What you should do:
Ignore the pictures in the data below and set down exactly the lines from its first line through the line containing "This warranty does".

━━ The data

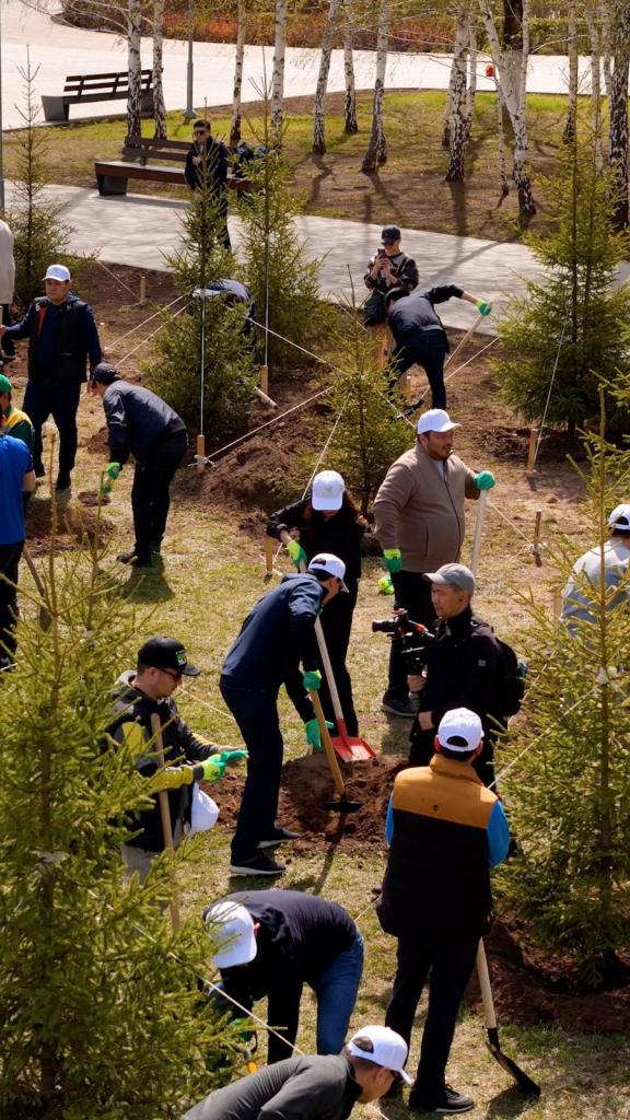 С самого утра на территории парка собрались порядка 300 человек. Участники акции — горожане, волонтеры, пенсионеры центра активного долголетия, депутаты столичного маслихата и семьи с детьми — распределялись по участкам и приступали к посадке деревьев.
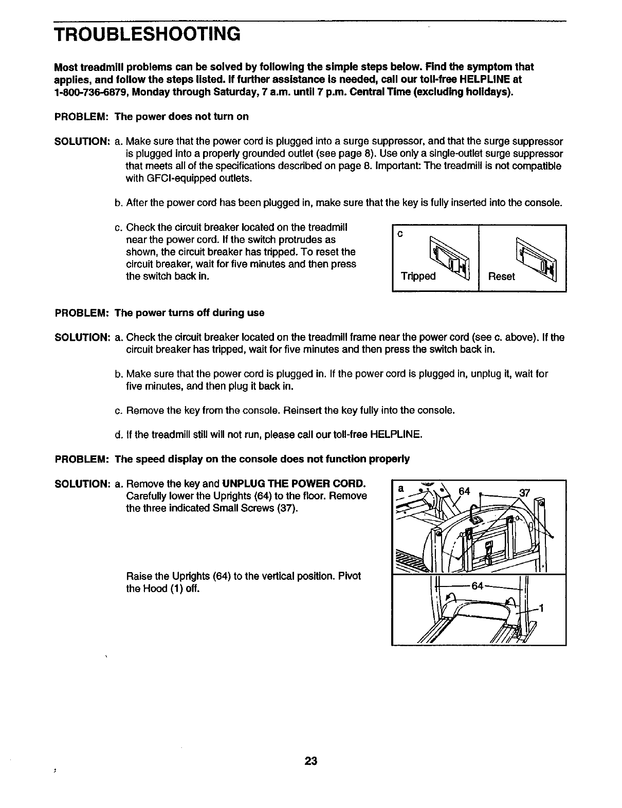 This warranty does not apply when the TREADMILL EXERCISER is used commerciallyor for rental pur-
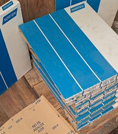 Confezioni da 50 fogli abrasivi per ogni scatola, marchio Norton leader nel settore dell'abrasione a livello professionale, grana 220, dimensioni 230 x 280 adatti per levigatura a secco di legno, metallo, carrozzeria o pareti. Vendo singole scatole o in blocco, no fogli singoli . Per singole scatole euro 30 cadauna - per tutte le scatole in blocco (11 scatole - euro 250

━━━━

Written solution:
 С самого утра на территории парка собрались порядка 300 человек. Участники акции — горожане, волонтеры, пенсионеры центра активного долголетия, депутаты столичного маслихата и семьи с детьми — распределялись по участкам и приступали к посадке деревьев.
 This warranty does not apply when the TREADMILL EXERCISER is used commerciallyor for rental pur-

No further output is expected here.